### REQUIRED WORK
A faithful copy of the data is the goal; set it down exactly, without the images.

### DATA SEGMENT
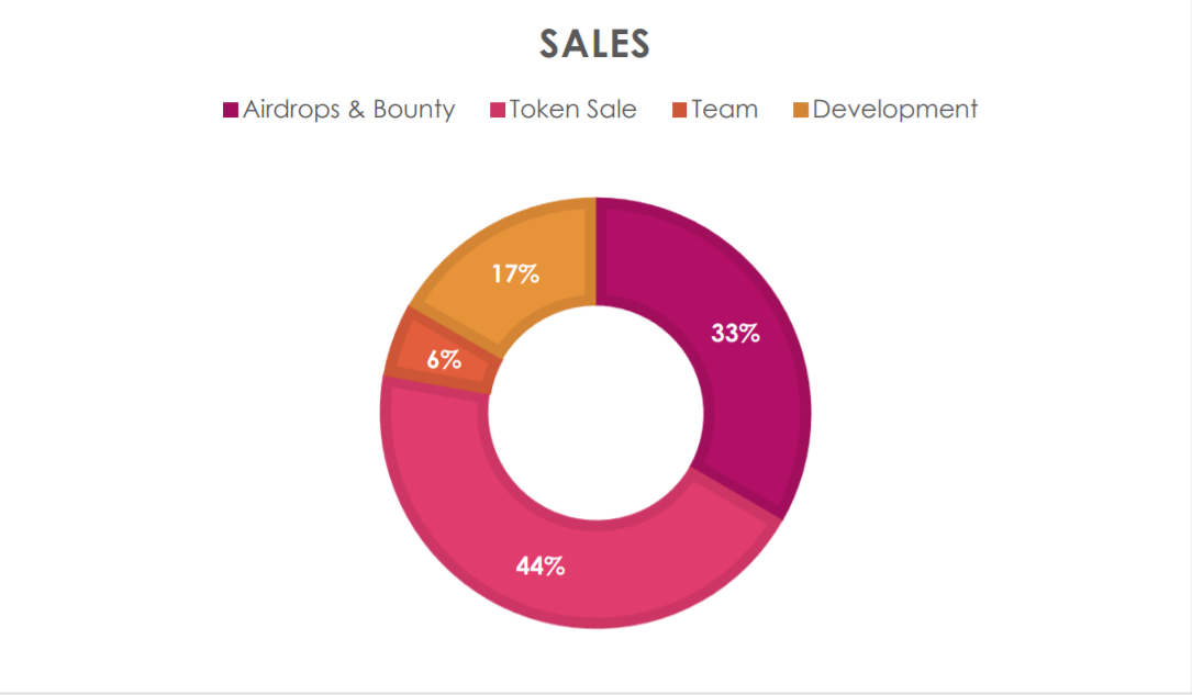 Airdrops and bounty: 33% Tokens
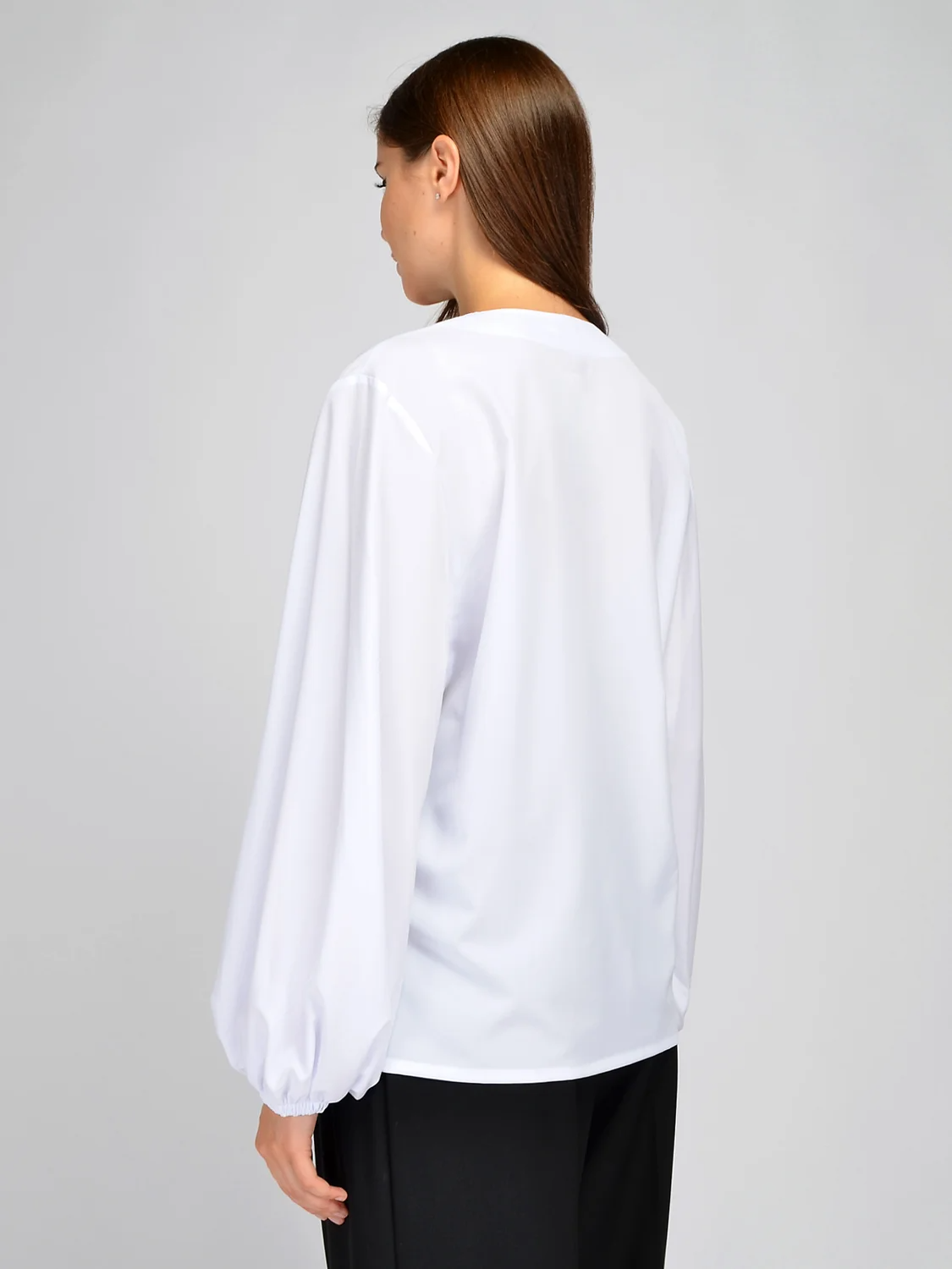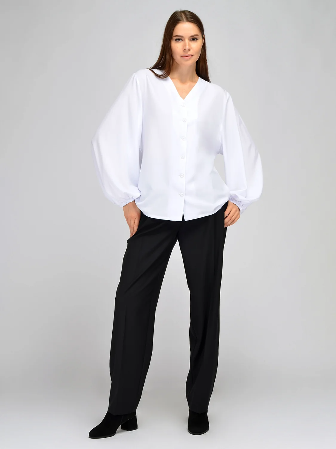 Свободная блузка с объемными рукавами придаст элегантности Вашим образам в любое время года. Изящный V-образный вырез горловины приоткрывает ключицу и позволяет интересно обыграть линию декольте шейными украшениями. Блузон застегивается на пуговицы. Широкие рукава являются главной особенностью модели. Их обрамляет нетугая резинка со складками, создавая эффект воздушности. Приталенная рубашка легко впишется в строгие, офисные или вечерние, нарядные образы. Универсальный фасон подойдет как взрослым женщинам, так и молодым девушкам, и подросткам для школы. Просторный крой поможет скрыть возможные недостатки фигуры. Если сочетать блузку с брюками или юбкой с высокой посадкой и заправить ее за пояс, Вы создадите утонченные пропорции фигуры, делая ноги еще длиннее. Классическая базовая блуза сочетается не только со строгим низом и обувью. Вы можете создать стильный образ для свидания или вечеринки, выбрав в качестве поясного изделия джинсы и дополнив образ туфлями-лодочками контрастного цвета. Не забудьте завершить свои образы украшениями и аксессуарами!
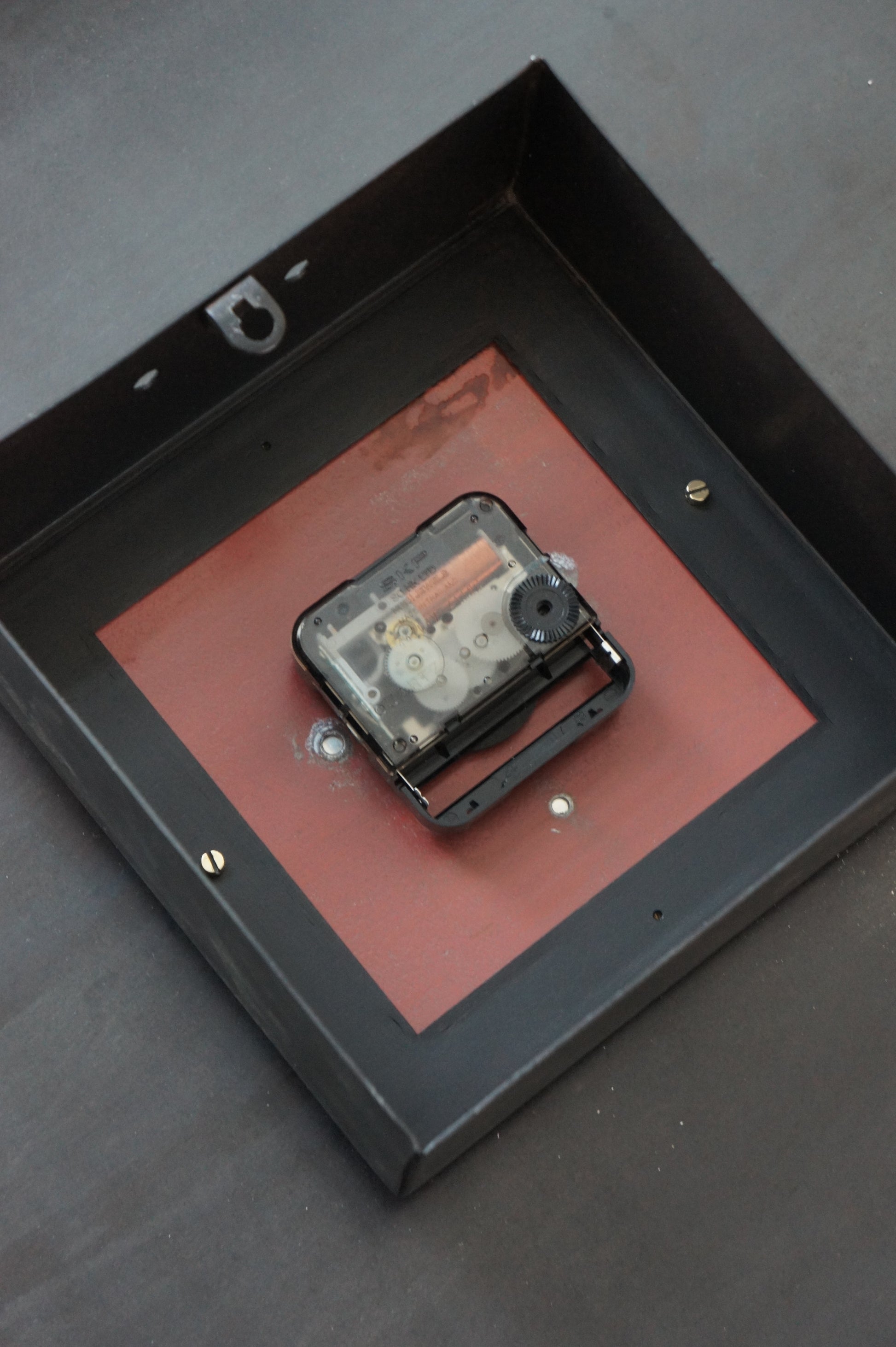 ボディは古い塗装を剥離後、鉄素地から黒染め加工を施し、オイルコーティングにて仕上げています。ムーブメントはオリジナルの針を加工のうえクォーツ式へ交換済み。単三電池1本で実用的にご使用いただけます。卓上使用の際は、前方に重心があるため、重石などでの調整をおすすめします。
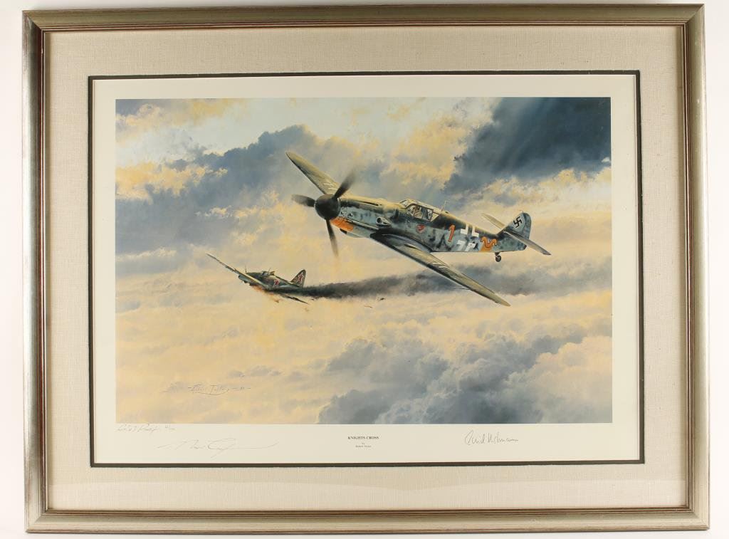 Beautifully framed and matted color Artist’s Proof of limited edition (46/100) litho of “Knight’s Cross” by noted artist Robert Taylor, hand signed by both Taylor and the subject of the work, German fighter pilot Erich Hartmann, approximately 28” x 36” overall. Est.: $200-$400.

### TASK RESPONSE
 Airdrops and bounty: 33% Tokens
 Свободная блузка с объемными рукавами придаст элегантности Вашим образам в любое время года. Изящный V-образный вырез горловины приоткрывает ключицу и позволяет интересно обыграть линию декольте шейными украшениями. Блузон застегивается на пуговицы. Широкие рукава являются главной особенностью модели. Их обрамляет нетугая резинка со складками, создавая эффект воздушности. Приталенная рубашка легко впишется в строгие, офисные или вечерние, нарядные образы. Универсальный фасон подойдет как взрослым женщинам, так и молодым девушкам, и подросткам для школы. Просторный крой поможет скрыть возможные недостатки фигуры. Если сочетать блузку с брюками или юбкой с высокой посадкой и заправить ее за пояс, Вы создадите утонченные пропорции фигуры, делая ноги еще длиннее. Классическая базовая блуза сочетается не только со строгим низом и обувью. Вы можете создать стильный образ для свидания или вечеринки, выбрав в качестве поясного изделия джинсы и дополнив образ туфлями-лодочками контрастного цвета. Не забудьте завершить свои образы украшениями и аксессуарами!
 ボディは古い塗装を剥離後、鉄素地から黒染め加工を施し、オイルコーティングにて仕上げています。ムーブメントはオリジナルの針を加工のうえクォーツ式へ交換済み。単三電池1本で実用的にご使用いただけます。卓上使用の際は、前方に重心があるため、重石などでの調整をおすすめします。
 Beautifully framed and matted color Artist’s Proof of limited edition (46/100) litho of “Knight’s Cross” by noted artist Robert Taylor, hand signed by both Taylor and the subject of the work, German fighter pilot Erich Hartmann, approximately 28” x 36” overall. Est.: $200-$400.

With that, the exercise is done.